Funding for research on viruses like HIV and COVID-19 is on the chopping block. Chris Beyrer, MD, MPH, the director of the Duke Global Health Institute, in Durham, N.C., talked to Infectious Disease Special Edition about what these cuts mean for his research.

This transcription was made with Temi.

Meaghan Lee Callaghan: [I heard] you were having a bad morning?

Chris Beyrer, MD, MPH: Yeah, we've just seen an updated list of the grants and contracts that have been recently canceled. Specifically speaking about the NIH, the National Institutes of Health. This has been going on for some weeks now. We expected that it was going to accelerate once the new NIH director had been named and Dr. Charia has been named, and he has been confirmed, but he has, as far as I know, not been sworn in yet, but nevertheless, the acting director has been very actively cutting a number of grants and contracts.

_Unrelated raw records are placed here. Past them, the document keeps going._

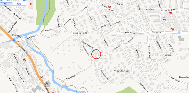 und den Hirtenweg fortsetzen (3 Minuten) bis zum Burenweg. Danach münden Sie rechts in die Eierbrechtstrasse ein. Der Fussweg dauert insgesamt ca. 7 Minuten.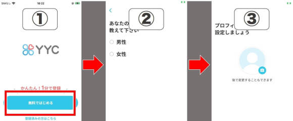 アプリ版YYCに再登録する手順です。アプリ版の登録にはメールアドレスや電話番号などの認証は必要なく、簡単に登録できます。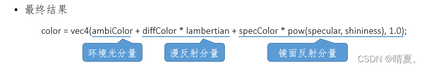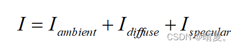 Phong反射模型考虑了光线和材质之间的三种相互作用:环境光反射、漫反射和镜面反射,最终在三维物体表面上的每个点的颜色由这三个成分组合表示如下。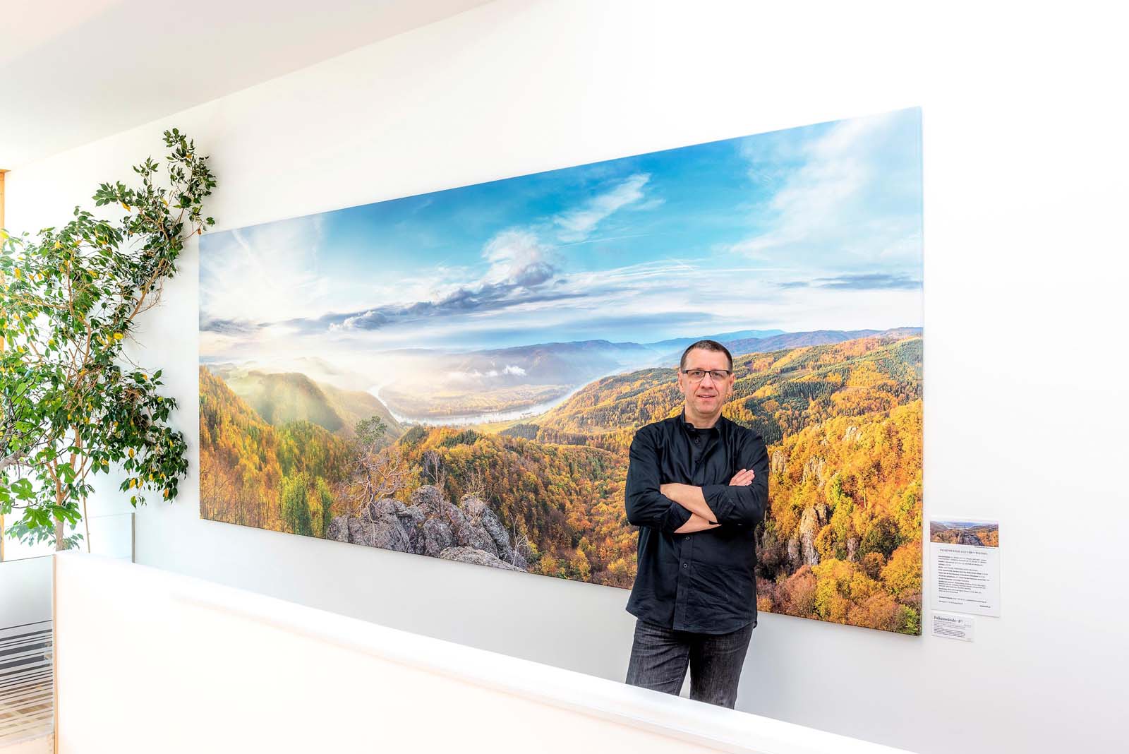 Niederösterreichs größte Ausstellung von XXL-Landschaftsportraits öffnet ihre Tore für die Tage der offenen Ateliers. Mit intensiven Fotografieportraits, die bis zu sechs Meter Länge (!) erreichen und aus mehr als 100 Aufnahmen bestehen, hat sich der auf Großformate spezialisierte Landschaftsfotograf Reinhard Podolsky spannenden Motiven aus Land und Meer gewidmet. Auch das Wald- und Weinviertel mit Wasser-, Stein- und Waldkombinationen kommt nicht zu kurz: Im Gegenteil – auf viereinhalb Metern Länge deckt das XXL-Portrait der Wachau 60 Kilometer Luftlinie ab.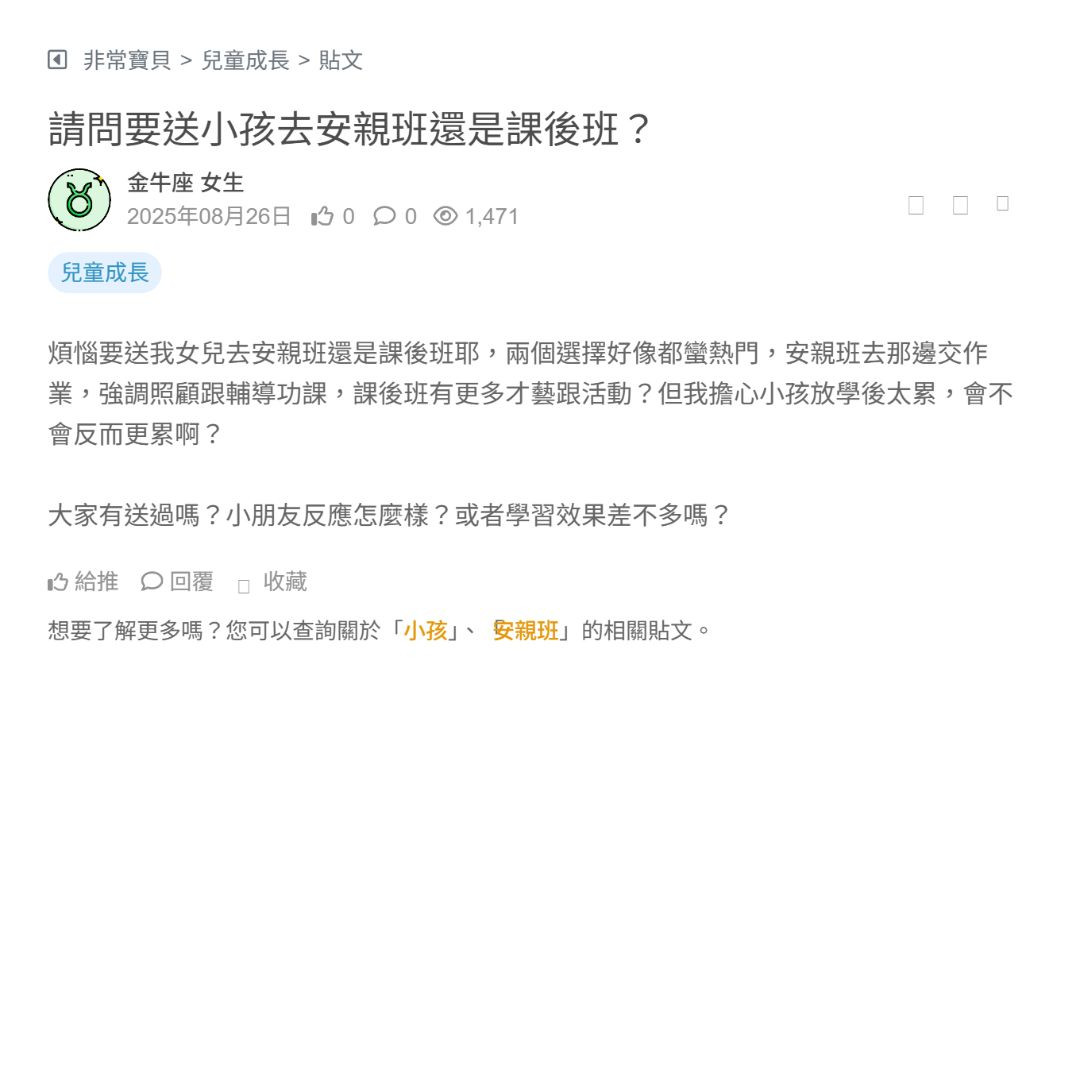 請問爸媽要上班沒後援的,是只能送安親班嗎?有別條路可選嗎? 看更多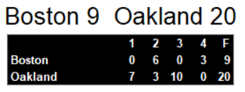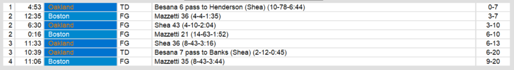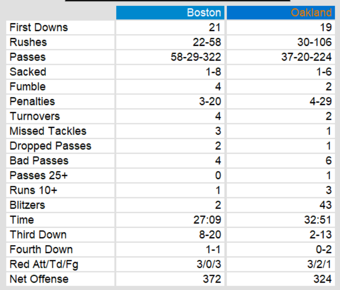 Boston managed only 3 field goals in the important match up. While they have a spot in the playoffs, too, unless they win and Oakland loses next week, they will have to travel to California again in the first round of the playoffs. Against an 8-1 Oakland team at home, that will prove to be a difficult mountain to climb.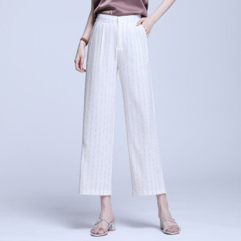 信和祥休闲裤女高腰条纹阔腿裤女春夏季新品韩版弹力垂感加大码直筒裤女士长裤 杏色 3XL【31】 |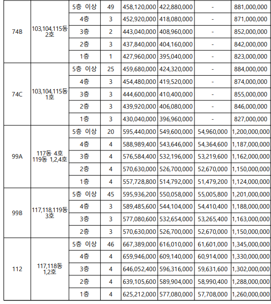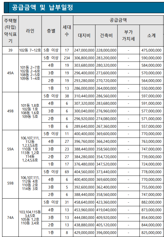 해당 표의 분양가는 최고가 기준임으로 자세한 층별 평형별 분양가는 위 사진을 참고하시면 됩니다.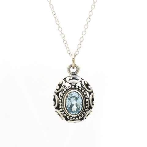 สินค้าขายดีที่น่าทึ่งที่สุดของปีรูปไข่พลอยท็อปาสสีฟ้าสร้อยคอประดับเพชรในเงินแท้ 925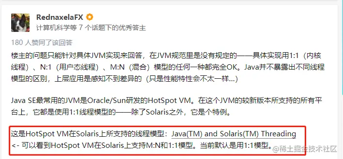 因为我们知道,在 Solaris 平台上的 HotSpot 虚拟机,同时支持 1:1 和 N:M 的线程模型。
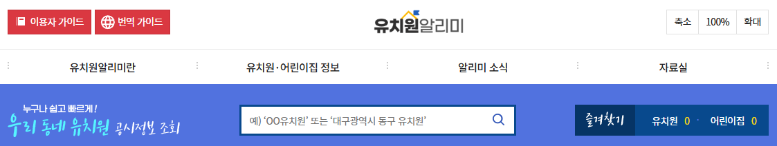 • 유치원 알리미: e-childschoolinfo.moe.go.kr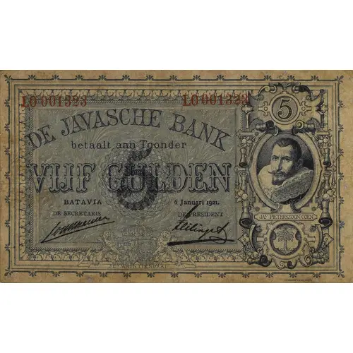DE JAVASHE BANK betaalt aan Tonder VIJF GULDEN BATAVIA 6 Januari 1921. JOH ENSCHEDÉ EN ZONEN (Translation: The Javanese Bank Pay to the Bearer Five Gulden Batavia January 6, 1921. Joh. Enschedé and Sons) |
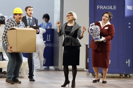 «Камерное», «легкомузыкальное», но вовсе не опереточное, а утонченно-изысканное по своей музыкальной сути академическое действо под названием «Путешествие в Реймс» на сей раз обжило Историческую сцену Большого, и отчасти на ней «утонуло»: сдвинутые кулисы и опущенный верх обозначили «микроскопичность» сценографии по отношению к габаритам огромной сцены совершенно очевидно. А вот в пространство Новой сцены она вписалась бы просто идеально, да и музыкальное наполнение получила бы куда более рельефное! Но имеем то, что имеем, и на сей раз это арендная, а не собственная постановка (совместно с Нидерландской национальной оперой, Королевской Датской оперой и Оперой Австралии). Постановка эта – довольно старая, так что повидать виды успела. Ее премьера в Амстердаме состоялась в январе 2015 года, и вот теперь доехала до Москвы!

On the list that I saw this morning is the HIV Prevention Trial Network. That's the Leadership and Operations Center. That's the main NIH network that does HIV prevention trials, primary prevention trials, and has led some of the most important trials in our field. ...

I am on the executive committee of the [HIV Vaccine Trials] network, and so I had a leadership award through that. And I'm also the co-chair of a large HPTN trial, HPTN-O96 with my co-chair, Laron Nelson at Yale. That study is officially on pause, but if indeed the [Letters of Collaboration (LOC)] has been terminated then it makes it extremely difficult to think about how we would be able to get that study off pause and carry it forward. In addition, a number of studies and trials have been stopped or on the list for termination from what was called the Covid Vaccine Prevention Network, the COVPN and the COVPN was, again, an incredibly important network that was stood up very quickly by NIAID and some of the other NIH institutes as part of Operation Warp Speed.


I worked on it as an epidemiologist, and ... as so many of us who worked on it, just incredibly proud of that achievement.

The current leadership of the NIH and their colleagues, particularly people associated with the Great Barrington Declaration, which includes the incoming NIH director, consider the NIH response to Covid to have been a failure. And I think that is a an absolutely false narrative. It undermines the extraordinary achievements of so many people, and it flies in the face of the evidence, which is that the mRNA vaccines were safe and effective and helped deliver us out of the most severe pandemic since the great influenza of 1918. That is a matter of history. We all saw it. We watched it unfold and no attempt at fictitious narratives can undermine that achievement in my view.